La Guinée est également sous le choc d'une autre tragédie survenue en décembre, lorsque 24 personnes ont trouvé la mort et des centaines d'autres ont été blessées dans une énorme explosion et un incendie dans un dépôt de carburant à Conakry. "Nous sommes responsables", déclare Diawara à propos de la dernière catastrophe.
"C'est à cause de notre victoire. Les gens sont tellement heureux lorsque l'équipe gagne que les célébrations deviennent un peu stupides. Bien sûr qu'il doit y avoir des célébrations.
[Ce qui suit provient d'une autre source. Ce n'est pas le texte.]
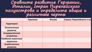 Документ охватывает политическое и экономическое развитие Германии, Италии, Испании и Португалии в позднем средневековье. Он описывает особенности раздробленности и торговых путей в Германии, развитие городов в Италии, а также объединение Арагону и Кастилии и завершение реконкисты в Испании. Основное внимание уделяется как политическому устройству, так и хозяйственной жизни этих регионов.

Bien sûr qu'il y a eu la catastrophe (en décembre), mais c'est exactement cela, nous voulons éviter d'avoir à déplorer d'autres morts."
Guirassy joueur "spécial"
Diawara, qui est né en France et y a joué pour Bordeaux, le Paris Saint-Germain, Marseille et Nice, a pris la tête de l'équipe avant la dernière CAN en 2022, en remplacement du Français Didier Six. Il s'est rapidement donné pour mission d'exploiter le grand nombre de joueurs d'origine guinéenne nés en Europe.
Ainsi, l'équipe qui comptait déjà le milieu de terrain Naby Keita, ancien joueur de Liverpool, a depuis été renforcée par des joueurs comme le défenseur Mouctar Diakhaby et l'attaquant Serhou Guirassy, tous deux anciens internationaux français chez les jeunes.
Guirassy n'a été titularisé qu'une seule fois depuis le début de la saison en raison d'une blessure, mais le joueur de 27 ans est la grande star de l'équipe, avec 17 buts en 14 matches de Bundesliga cette saison pour Stuttgart. "Je n'aime pas mettre en avant un joueur en particulier. Je préfère parler du groupe, de l'équipe, de la famille même. Mais il est vrai qu'on ne peut pas marquer 17 buts en Bundesliga sans être un joueur spécial", déclare l'entraîneur.
"Mais au-delà de ça, l'Afrique a ses propres caractéristiques. Elle est complètement différente de l'Europe. Il y a la chaleur, le climat en général, les terrains. La Coupe d'Afrique des nations est une compétition extraordinaire et de très haut niveau. Il faut donc s'adapter. Il a été blessé, mais il s'est remis progressivement sur pied et il est aujourd'hui à 100 %."
Reste à savoir s'il parviendra à déloger Bayo face à la RD Congo. La Guinée, qui a terminé troisième de son groupe derrière le Sénégal et le Cameroun, espère maintenant entrer dans l'histoire.
"Quand on entre dans une compétition, c'est avec l'objectif d'aller au bout, même si on n'a jamais eu la chance d'atteindre les demi-finales auparavant. Cette fois-ci, on voit que la voie s'ouvre à nous."